Б. К. Зайцев пишет в рассказе: „Из них мало, кто хочет драться. И умирать никому не хочется. Но если выпало общее горе — это горе война, — надо драться. Они смотрят на себя, как на обреченных. Наверное, есть у некоторых озлобление. Но я его не видел“ [5: 368].
Открытая оценка военных действий дана Б. К. Зайцевым в письме: „Думаю, что у всех нас одно чувство — чтобы кончилась в нем (1915 году — Е.Д.) эта ужасная бойня или, если хотите, великое испытание, посланное людям за то, что они много нагрешили, и „забыли Бога“. Не знаю, как ты, Георгий, а я ясно чувствую, и даже чувствую, что все без исключения ответственны за эту войну. Я тоже ответственен. Мне — это тоже напоминание — о неправедной жизни. Но, конечно, главная тяжесть ответственности на тех, кто идеей своей жизни сделал „мамону“ — и слава Богу — не русский народ и не русская культура утверждала эту идею. Слава Богу, даже, она русским совершенно чужда“ [8: 130−131].
В рассказе только молитва и вера в Бога поддерживают и рассказчика, и солдат. Не случайно после воспоминаний о воюющих знакомых и друзьях, „с кем в пестрой, иногда блестящей сутолоке столиц сжигали жизнь“, появляется лирическое отступление в форме молитвы о страждущих и путешествующих: „О плавающих, путешествующих, негодующих, страждущих и плененных — и о спасении их.“ [5: 367]. Автор верит, что если существует Божий суд, то Келка „попадет в селения блаженных“. И кланяется в пояс воинам, подобно пришедшей с пирогами старухе, которая „поклонилась в пояс. Верно, так она покойника поцелует в венчик на лбу“ [5: 368]. „Спаси и помилуй рабов Божиих Павла, Сергия, Александра“. А затем следует прибавлять: „и все христолюбивое воинство“ — старинное и теперь так мучительно-жалобное выражение. Да, все христолюбивое воинство» [5: 368], — завершает Б. К. Зайцев свое повествование в рассказе «Жизнь и смерть».
Образ трагической России революционной поры предстает в произведениях многих писателей, таких как: «Двенадцать» А. Блока, «Взвихренная
Русь» А. Ремизова, «Солнце мертвых» И. Шмелева, «Окаянные дни» И. Бунина, «Петербургские дневники» З. Гиппиус, «S.O.S.» Л. Андреева.

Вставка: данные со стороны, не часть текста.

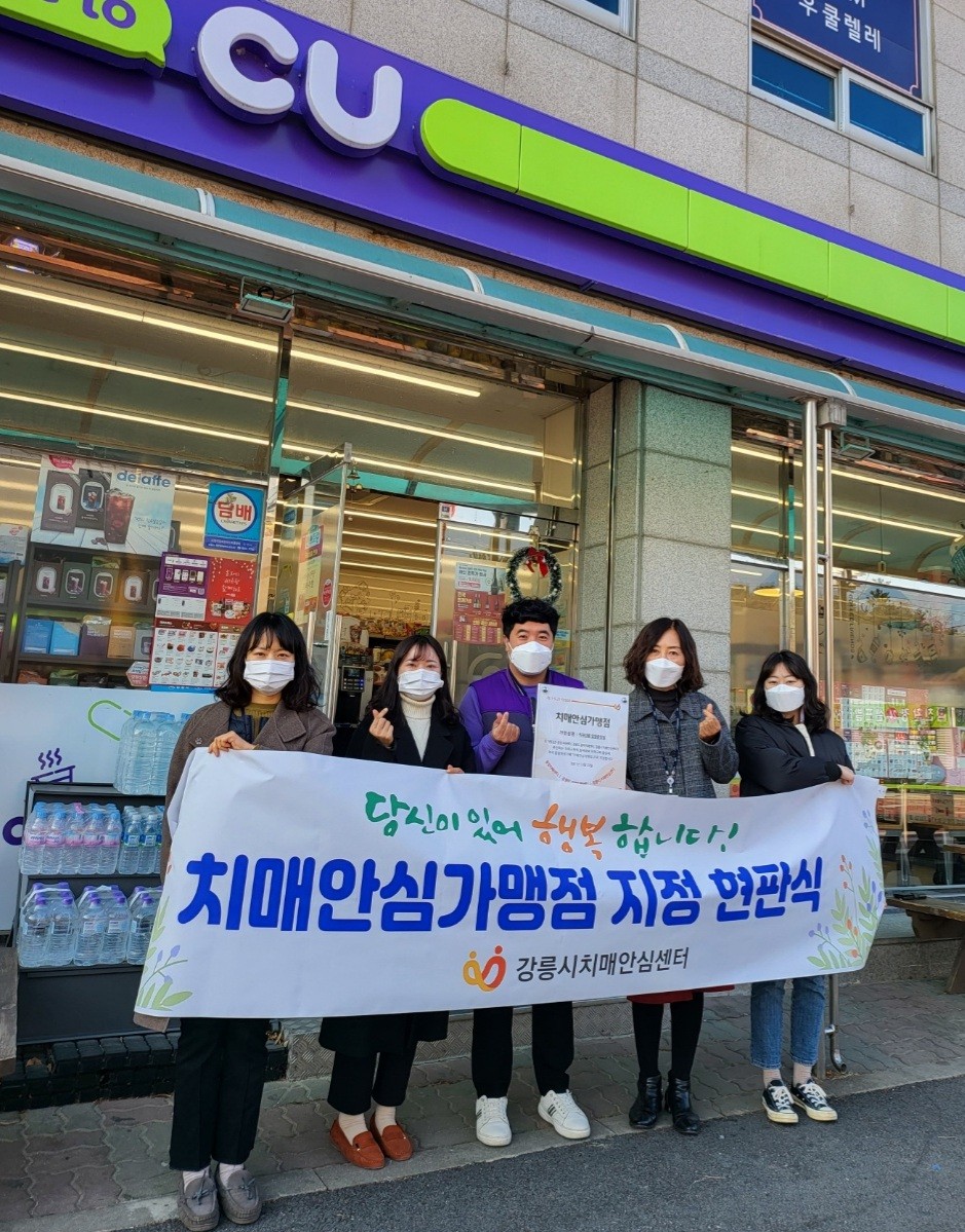 [강원사회복지신문 홍기한 기자]=강릉시치매안심센터는 지난 12월 22일(수) '씨유강릉 입암중앙점'을 치매안심가맹점으로 지정하고 현판식을 가졌다. 치매안심가맹점은 개인사업장 구성원들이 모두 치매파트너 교육을 받고 지역사회가 촘촘하게 치매안전망을 구축할 수 있도록 선도하는 사업장이다. 이번 제1호 치매안심가맹...
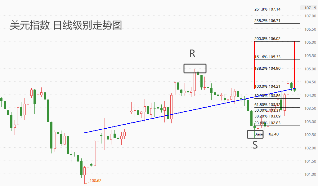 上图为美元指数的日线级别走势图。技术角度看,美元指数处于稳步上涨波段中,下方支撑位102.4,上方第一阻力位104.9,第二阻力位105.33。市价已经与蓝色回归线重合,昨日和今日的两根小阴线表明回归线对市价造成压力。不过,以当前稳定上涨的趋势来看,美元指数继续走强并触及第一阻力位的概率更高。

Рассказы Б. К. Зайцева «Улица святого Николая» (1921), «Уединение» (1921), «Белый свет» (1921) явились, по словам самого автора, «лирическим отзывом на современность» [7: 589]. В данных произведениях он передал объективную оценку событий революционной и постреволюционной России, нашедшую преломление в субъективном сознании писателя. По словам Л. М. Арининой, в рассказах Б. К. Зайцева 20-х годов предстает образ «трагической» России [1: 29]. Здесь нет «оды» революции, перед нами правдивое изображение действительности с её хаосом, убийствами, голодом, холодом. Так, «Улица Св. Николая"2 представляет, по замечанию А. М. Романенко, своего рода исторический репортаж- «наблюдения и размышления над жизнью знаменитой московской улицы, в переулках вокруг которой в разные периоды обитал он сам (Б.К. Зайцев — Е.Д.)» [13: 26]. Перед нами московский довоенный Арбат с его роскошествами, Арбат первой русской революции, первой мировой войны и Арбат советского времени. «Событийный ряд арбатских появлений и исчезновений, — отмечает С. В. Сомова, — становится метонимическим воплощением новейшей российской истории» [15: 69].
В рассказе «Белый свет» в объективно-изобразительной манере на социально-бытовом уровне предстает страшная картина разорения России.
Рассказ построен как цепь быстро сменяющих друг друга кадров, взятых как бы с разных позиций. Текст в целом и отдельные его фрагменты (предложения) строятся на перечислении, соединение частей текста неурегулированно и беспорядочно. Подобное построение текста, напоминающего фрагменты кинопленки, помогает автору документально приблизить повествование к читателю, «ореалить» художественное пространство текста.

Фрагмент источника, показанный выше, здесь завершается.